I have a 2000 Frontier 2WD King Cab with 63,000 miles and need to replace the shocks.
The truck seems to 'float' over bumps a lot more than my 90 & 97 Hardbody trucks did.

I want looking at the Tokico Trek Master R/T & KYB GR-2 shocks. I'm looking for an OEM ride or slightly stiffer.

Any recommendations based on experience?


----------



## Oldnissanguy (Jan 6, 2005)

I'm happy with the Monroes that Sears sells. They're $16.49 each when they're on sale. That was last week BTW.


----------



## joefrontier (Apr 26, 2007)

kkspeed said:


> I have a 2000 Frontier 2WD King Cab with 63,000 miles and need to replace the shocks.
> The truck seems to 'float' over bumps a lot more than my 90 & 97 Hardbody trucks did.
> 
> I want looking at the Tokico Trek Master R/T & KYB GR-2 shocks. I'm looking for an OEM ride or slightly stiffer.
> ...


If you are looking for the oem ride, buy the oem shocks. You can go to Axle & Suspension :: Genuine Nissan Parts :: Frontier (D22U) 1998-2004 :: CourtesyParts.com

They run about 43$ for the fronts.


----------



## Oldnissanguy (Jan 6, 2005)

Or slightly stiffer than OEM ride, get the Monroes.


----------



## azrichter (Jul 14, 2007)

I obsessed on shocks for a 2000 2WD Frontier. I really wanted to buy Bilsteins, but needed to keep some cash for other issues. Offroad shop had Rancho RS5000s for $44 each.

I settled on Monroe Reflex shocks, partly because I was nervous about the Rancho ride being too stiff.

It rides fine---a bit firmer than OEM.

I was disappointed in the appearance of the Monroe's out of the box---they look mass-produced and cheap---rough metal cut my finger. Though the Ranchos are made by Monroe, they are a burlier, heavier built unit. The Bilsteins are obviously built to a higher standard---well-finished, sturdy, WELL-made.
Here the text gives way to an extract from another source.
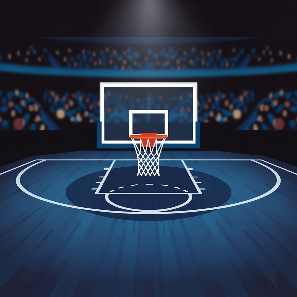 A white basketball hoop with orange net stands prominently on a blue court in a darkened arena. Spotlights illuminate the hoop against a blurred crowd in the stands. The wooden floor features court markings around the hoop.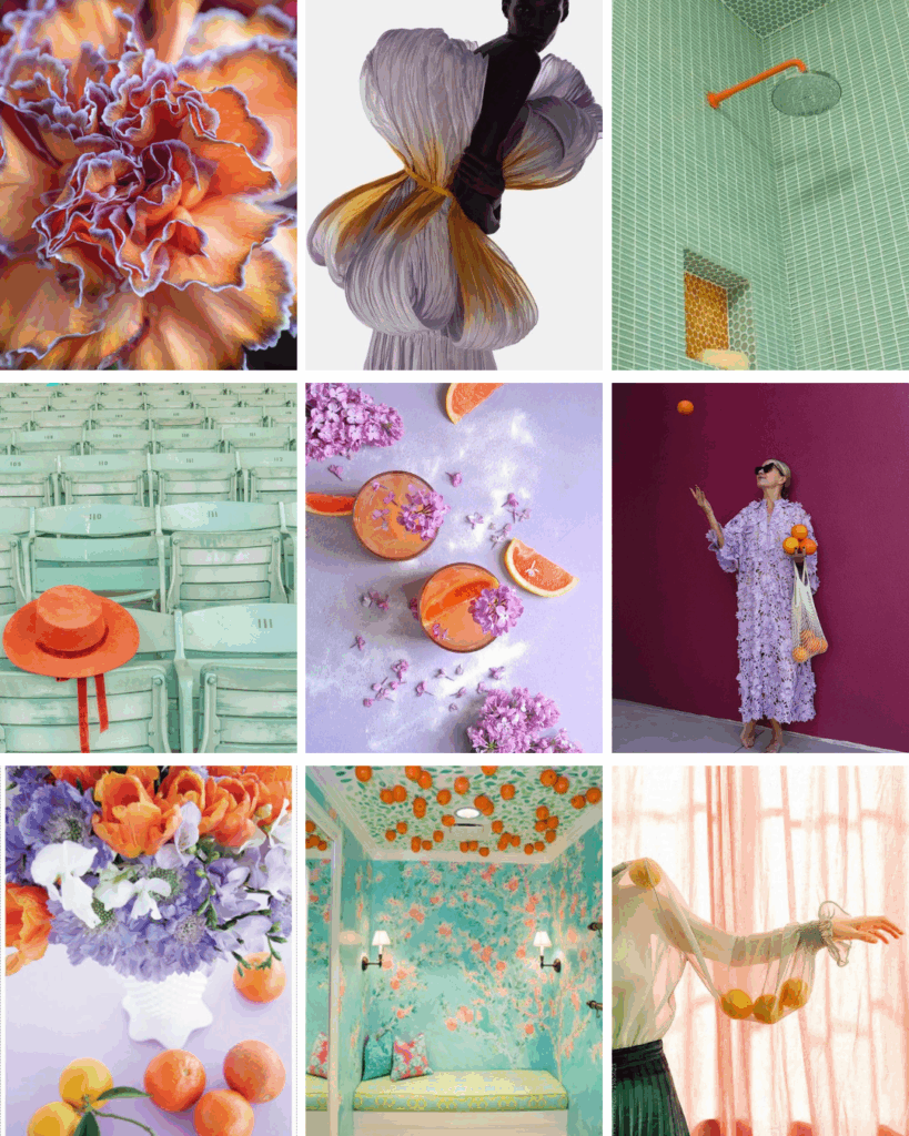 WHIMSICAL + FEMININE: A playful clash of apricot, lilac, and mint. Fluttering textiles, citrus cocktails, and floral detailing that feels airy, effervescent, and full of life. Proof that orange doesn’t have to be bold to be expressive.

If you hurry, you can buy 3, get one free from Rancho or Monroe. I wish I'd tried the Rancho, but I'm fairly satisfied with the Reflex. For $120 I got a set of 4 with some left over for a new stereo...


----------



## stevem5000 (Apr 16, 2003)

I put the Rancho 5000's on my 2000 fronty...all 4...I was a little dissapointed at first...I thought they were too soft...but after about 40,000 miles, I'm used to them...
So I guess they are ok...but I don;t a great shock...


----------



## smj999smj (Jan 1, 2006)

I personally like the KYB G2's. They're not expensive, lifetime warranted, and ride well. KYB is also an OEM manufacturer for Nissan and makes many of the shocks and struts for Nissan, along with Tokico.


----------



## ediamiam (Jun 20, 2005)

2000 king cab. kybs and rear sway bar from suspensionconnections. that sway bar made a big difference.


----------



## mmiller2002 (Sep 29, 2006)

Is the Reflex one notch stiffer than the Monroe Sens-a-trac or MonroeMatic (or whatever its called?

Thanks



azrichter said:


> I obsessed on shocks for a 2000 2WD Frontier. I really wanted to buy Bilsteins, but needed to keep some cash for other issues. Offroad shop had Rancho RS5000s for $44 each.
> 
> I settled on Monroe Reflex shocks, partly because I was nervous about the Rancho ride being too stiff.
> 
> ...


----------